Two shows provide a masterclass on the ups and downs of parody
Given the same source material, why do some parodies succeed, while others fall flat?
Within a week, Toronto audiences had the opportunity to see two musicals which parody that scourge of November to January television, the Hallmark Christmas Movie. The first, PREDICTABLE HOLIDAY ROM-COM, had a brief run at Second City; the second, HALLMARK(ISH)--THE UNAUTHORIZED PARODY MUSICAL, plays into January at The Royal Cinema.
Both come from impressive pedigrees: the first is from parodymeister George Reinblatt of Evil Dead the Musical (book, lyrics, music, direction) and After the Rain’s Suzy Wilde (music), the second from a New York crew, direction, book and lyrics from Tim Drucker (the parody Love Actually?), book and lyrics from Tony-winner Bonnie Milligan (Kimberly Akimbo), and music and lyrics from Joel Waggoner of the Broadway casts of Be More Chill and School of Rock.

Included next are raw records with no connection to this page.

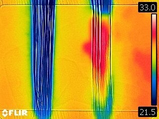 サーモグラフィー比較(左:水のみ、右:アンウルトリートメント塗布から10秒後)
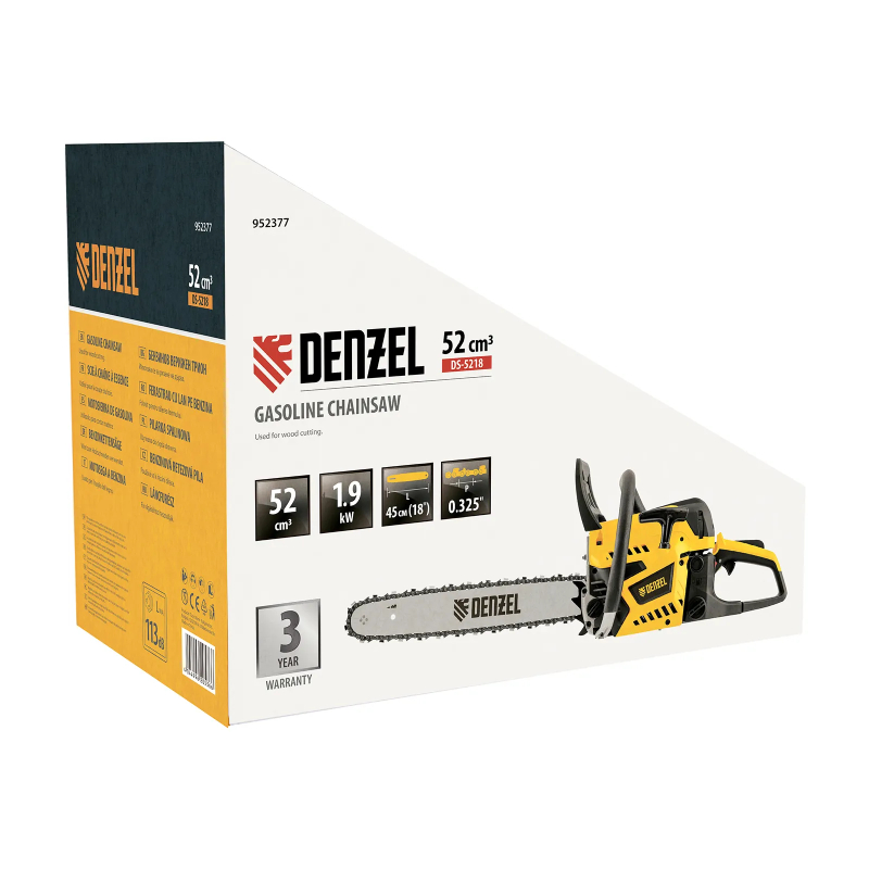 3 л.с. бензопила 45 см штанга 52 см3 легкий старт DS-5218 DENZEL.
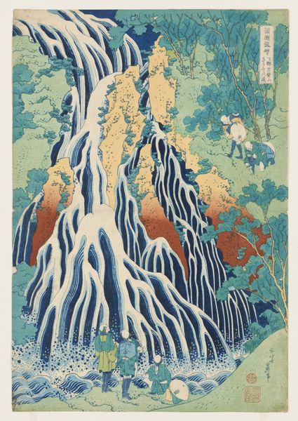 Curator: We are looking at a woodblock print by Katsushika Hokusai, titled "De waterval waar Yoshitsune zijn paard waste te Yoshino in de provincie Yamato." It’s from sometime between 1830 and 1834. Editor: The composition immediately strikes me. The waterfall dominates the scene, but it's stylized, almost ornamental in its cascading form. There's a definite play between the naturalistic setting and the abstract rendering of water. Curator: Indeed. Hokusai's treatment of the waterfall reduces nature to almost pure design. Look closely at the linear quality, the arrangement of the water—it creates a rhythmic pattern across the surface. Consider how the colour blocking and the absence of shading lend the scene to this almost fantastical depiction of a moment in history. Editor: Is this based on historical fact? Who is Yoshitsune, and why is he washing his horse? The print offers a glimpse into Japanese folklore, a reflection of social values around heroism and equestrian nobility perhaps? Curator: Minamoto no Yoshitsune was a prominent military commander of the Minamoto clan during the late Heian and early Kamakura periods. The act of washing his horse here underscores the physical prowess and ritual purification central to his martial identity. Furthermore, it touches upon the role of landscape in legitimizing political figures and narratives. Editor: But Hokusai’s departure from strict realism serves a purpose, doesn't it? The simplification, the intense color contrast—the ochre rocks against the intense blue water—everything contributes to the graphic impact. He’s elevating the historical narrative to the realm of legend through visual vocabulary. Curator: Precisely. Hokusai leverages printmaking to create not a documentary, but a compelling symbol, focusing on the graphic strength inherent within ukiyo-e tradition. The tension between representation and abstraction allows the work to transcend pure illustration. Editor: The print leaves me pondering how art reinterprets historical memory—the event fades, the symbol remains, and how we can use the present to analyze the values assigned to the past. Curator: Absolutely. I, on the other hand, leave contemplating the visual ingenuity with which Hokusai encapsulates the relationship between humans, animals, and landscape—purely on compositional terms.

Both feature leads named Holly and Mark, who encounter each other in Holly’s small hometown, where she’s come back to visit from the big city. Both critique Hallmark’s Dream in a (Ring) Box ethos, where career and love rarely coexist, and our heroine must make a regressive choice to ensure a specific type of societally-approved happiness; both counter with a message that you actually can have it all. Both Hollies have a Christmas Eve deadline, and both Marks have a dead wife and a young daughter. Both plots involve climactic Christmas cookie competitions, and both lead characters count a disguised Santa as a close relative. Both feature a range of pastiche songs, wonderfully garish Christmas sweaters, and bright, sprightly casts.
So why did the former leave me genuinely jolly, and the latter, while not quite a lump of coal, feel like a glass of eggnog left out a bit too long? Yes, ROM-COM benefitted from the fact that I saw it first, but that doesn’t explain it completely.

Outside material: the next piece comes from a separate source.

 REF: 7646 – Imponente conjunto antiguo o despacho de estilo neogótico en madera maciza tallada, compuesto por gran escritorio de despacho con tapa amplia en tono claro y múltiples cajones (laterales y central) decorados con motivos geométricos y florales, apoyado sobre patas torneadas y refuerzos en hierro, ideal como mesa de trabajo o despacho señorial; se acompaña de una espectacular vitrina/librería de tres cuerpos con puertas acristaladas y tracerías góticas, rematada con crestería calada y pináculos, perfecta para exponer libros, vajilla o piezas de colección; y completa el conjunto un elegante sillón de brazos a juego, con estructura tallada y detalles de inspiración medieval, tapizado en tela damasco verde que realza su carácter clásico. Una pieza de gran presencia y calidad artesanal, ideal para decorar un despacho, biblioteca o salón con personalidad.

The comparison of the dueling Hallmark musicals makes the recipe for a perfect parody, like that of the perfect Christmas cookie, abundantly clear. It comes down to cohesiveness of vision, trust in the audience, and an understanding of the source material’s popularity.
And, perhaps, even a dash of warmth for that source while still exposing each one of its flaws.

A great Christmas cookie can be made with ingredients from peppermint to ginger to cranberries, but usually not all three; settling on a dominant flavour is ideal, and simpler is often better. Similarly, a parody can take aim at multiple aspects of its source material, but a cohesive tone and purpose help unify it into an engaging work. Commenting loudly on how the source material isn’t cohesive is not a get-out-of-jail-free card from providing a cohesive experience yourself.
Milligan and Waggoner’s HALLMARK(ISH) has a loftier, more admirable goal than Reinblatt’s work in how it calls out the sexism of this genre of film throughout the show, devoting a few songs to the topic of the artificial choice between love or career and making the constraints strangling its lead more obvious.
This Holly (a chipper Alexandra Clementi), an up-and-coming businesswoman in Big City, comes home to help her single mother (Emily Richardson) work her 12 small-town jobs without going into cardiac arrest. Holly chafes against her sexist pig of a boss and knows that her high school crush Mark Hall (Sean Meldrum, deliciously dopey) is a barely literate man who’s clearly beneath her. She uplifts (dumps work on?) her assistant-cum-best friend Martha (Luke WItt, playing a variety of roles at fever pitch), whom she leaves to settle the important, time-sensitive deal that’s partly in Mandarin, and works to eventually subvert the script she’s been given.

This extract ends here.